“It was during a 2008 ski trip to Park City, Utah for Thanksgiving that I met my Aussie husband, Paul, for the first time. We hit it off straight away. As someone who had grown up thinking my life trajectory needed to go university, career, house, dog, kids, I was surprised by how fascinating Paul’s outlook on seasonal work and traveling was.
Paul opened my eyes up to adventures like doing an entire ski season in Utah and backpacking Australia on a Working Holiday Visa. While I was traveling and seeing so much of the Southern Hemisphere, I was also falling in love.
After spending two months road-tripping from Wollongong to Port Douglas, Paul and I knew we wanted to put down roots and start building a life together. After doing another ski season in Utah, we parted ways while we applied for a De Facto visa. I spent six months in my hometown of Gainesville, Florida while he worked in Perisher, Australia. At last – my visa was approved and on Christmas Day 2010, I landed in Sydney to find my happily ever after.

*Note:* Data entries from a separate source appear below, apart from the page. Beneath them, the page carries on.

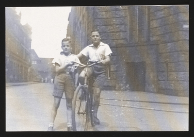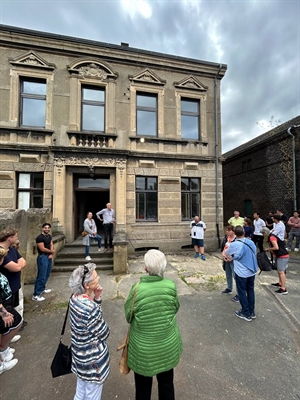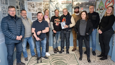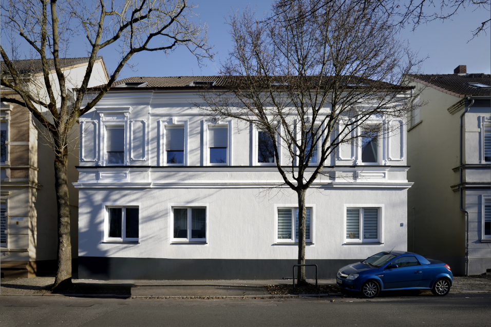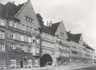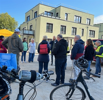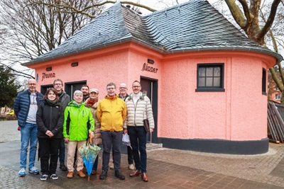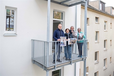 Nicht nur die Balkone sind neu. Die älteren Fotos zeigen, wie groß der Unterschied von früher zu heute ist. Personen v.l.: Sebastian Kröger (Leiter Amt für Stadterneuerung), Karola Stemmann (Fachbereich Liegenschaften), Jochen Tempel (Bauunternehmer und Eigentümer), Anja Wegmann (Fachbereich Liegenschaften).
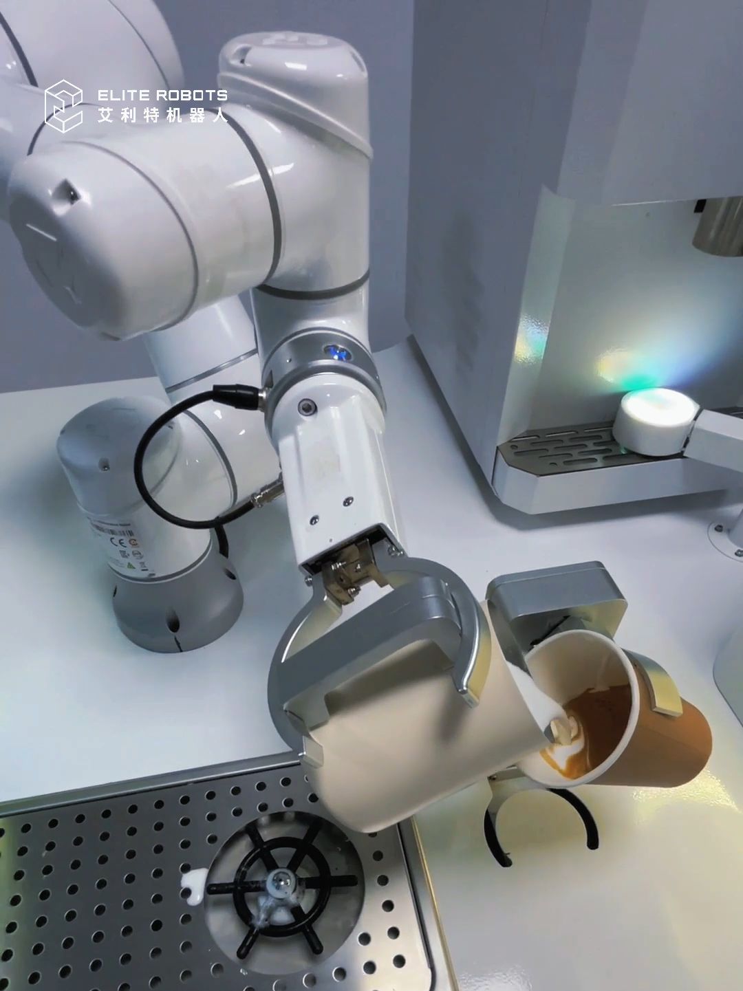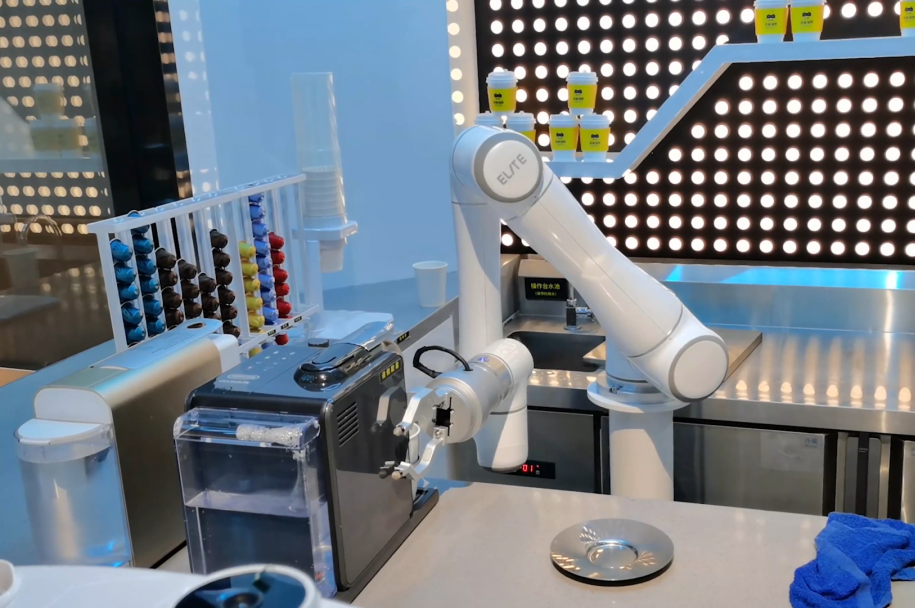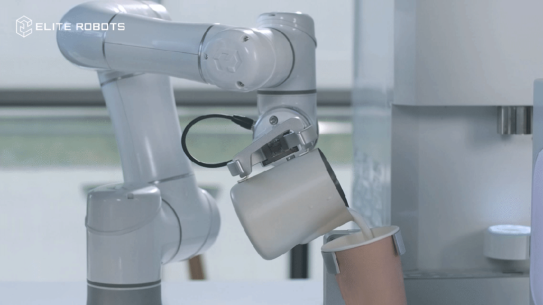 机器人采用了先进的运动控制算法,支持拖拽示教,重复定位精度达±0.02mm,可精准执行接杯、放杯、抬臂、夹取、拉花、回转、清洗等高级技术工序。保证操作过程的流畅性和准确性,完美复现专业咖啡大师的每一个动作和操作细节,100%复刻人工的精湛拉花技艺。
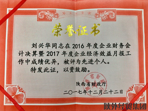 近日,集团公司在陕西省财政厅举办的2017年度财务决算布置会上荣获“陕西省2016年度企业财务会计决算及2017年度企业财务快报工作先进单位”称号,同时刘兴华同志荣获“陕西省2016年度企业财务会计决算及2017年度企业财务快报工作先进个人”。
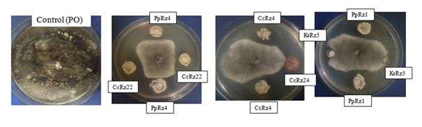 Biocontrol assays against fungal pathogens (Dual Culture Method): The bioactive strains were screened for antifungal activities against major rice fungal pathogens viz. Curvularia oryzae (MTCC 2605), Rhizoctonia solani (MTCC 4633), Aspergillus niger (MTCC 1344), Bipolaris oryzae (LSMU1), Fusarium oxysporum (MTCC 287) and Pyricularia oryzae (MTCC 1477) using the Dual culture method.37
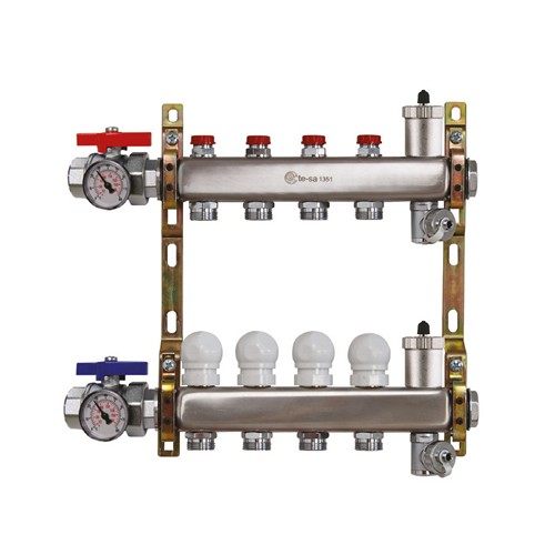 Collettore di distribuzione premontato composto da: collettore di mandata con detentori micrometrici di regolazione e collettore di ritorno con valvole di intercettazione termostatizzabili, sfoghi aria automatici, valvole di carico/scarico impianto, tappi terminali, valvole a sfera di intercettazione con termometro, supporti di fissaggio.

By April, Paul had been lured to Mudgee, a small town 3.5 hours NW of Sydney to work in a coal mine and I followed suit 5 months later. (Not to work in a coal mine of course.)
I had been dabbling with writing and wanted to write a memoir. One day, I bought a ticket to an event called ‘So You Think You Can Write’ at the Sydney Writers Festival, where people in the audience can pitch their drafts. I purely wanted to go for feedback, but serendipitously, a publisher was in the audience and liked what they heard! That’s how my debut book ‘Summerlandish: Do as I Say, Not as I Did’ got published. A few years later came my second book, ‘I Now Pronounce You Husband and Expat’.
Today, I’m a ghostwriter and am proud to still call Mudgee home some ten years later. Paul and I live with our two kids, two dogs and even my mom, who migrated in 2019!
My mom always had a fridge magnet that read, ‘Bloom where you’re Planted.’ It’s not easy moving to a new town, let alone a new country. But just like a flower that can be moved from pot to pot, you too can bloom where you are planted.”